Владимир Грусланов - По дорогам прошлого
Ничего не успели сказать герои и упали на землю, прижались к ней, будто от нее ждали помощи. Из рассеченных саблями тел струилась кровь. Скоро земля под ними заалела, а затем стала ярко-красной, кровавой.
— Так будет со всеми, кто пойдет против нас! — пригрозил Булак-Балахович и, пришпорив коня, поскакал прочь.
— Более свирепого, обезумевшего от ненависти к советскому народу пса я не знаю! — сказал в заключение командир бронелетучки.
…Красноармейцы приближались к Стругам Белым. За станцию шел упорный бой. Выполняя задание штаба, бронелетучка Томчука ходила в атаки против белых.

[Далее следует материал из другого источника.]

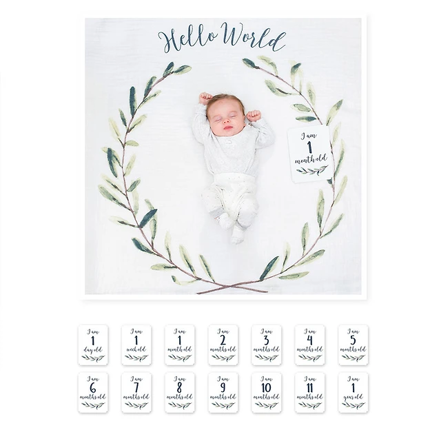 Lulujo -Baby's 1st Year Milestone Blanket Hello World Wreath
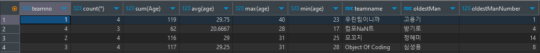 SELECT s.teamno, count(*), sum(s.Age), avg(s.age), max(s.age), min(s.age), t.teamname, s1.name, s1.studentno

Комиссара бронелетучки Гаврилова знали все железнодорожники от Петрограда до Пскова. Где бы Гаврилов ни показывался, всюду он получал нужные сведения о противнике. Любая путевая сторожка открывала перед ним дверь. Путевые обходчики, стрелочники и другие железнодорожники оказывали бронелетучке красных ценные услуги. Порой они спасали ее от неизбежной гибели.
Бронелетучка ворвалась на станцию Струги Белые. Вслед за нею подошла пехота. Красные заняли поселок, но не надолго. Булак-Балахович получил подкрепление, оттеснил красных и вновь расположил там свой штаб.
Поддерживая пехоту, бронелетучка еще и еще раз врывалась на станцию Струги Белые и снова отходила. Вражеские солдаты были лучше вооружены. Их было больше на этом участке. Полки Юденича действовали напором, валили напролом, думая подавить красных численностью и быстротой действий. Только так они могли рассчитывать захватить Петроград.
Мрачный, угрюмый сидел Томчук на ящике из-под патронов в закрытом вагоне бронелетучки.
— Подумать только, — говорил он с досадой, — опять польется кровь в Стругах Белых. Мы отходим, а эта выжига расстреливает наших товарищей…
— Не по своей воле ушли, приказ! — пытался успокоить командира Гаврилов.
— Знаю, что не по своей! А все не легче! Крови-то людской сколько пролито там. Вся земля пропитана кровью в Стругах Белых. Красным-красна стала там земля.
Бронелетучка путала все расчеты Булак-Балаховича. У него был крепкий кавалерийский отряд. С красной пехотой он, казалось ему, мог справиться, если бы не эта проклятая бронелетучка с пушками. Но никакие ухищрения не помогали. Он не в силах был захватить бронелетучку.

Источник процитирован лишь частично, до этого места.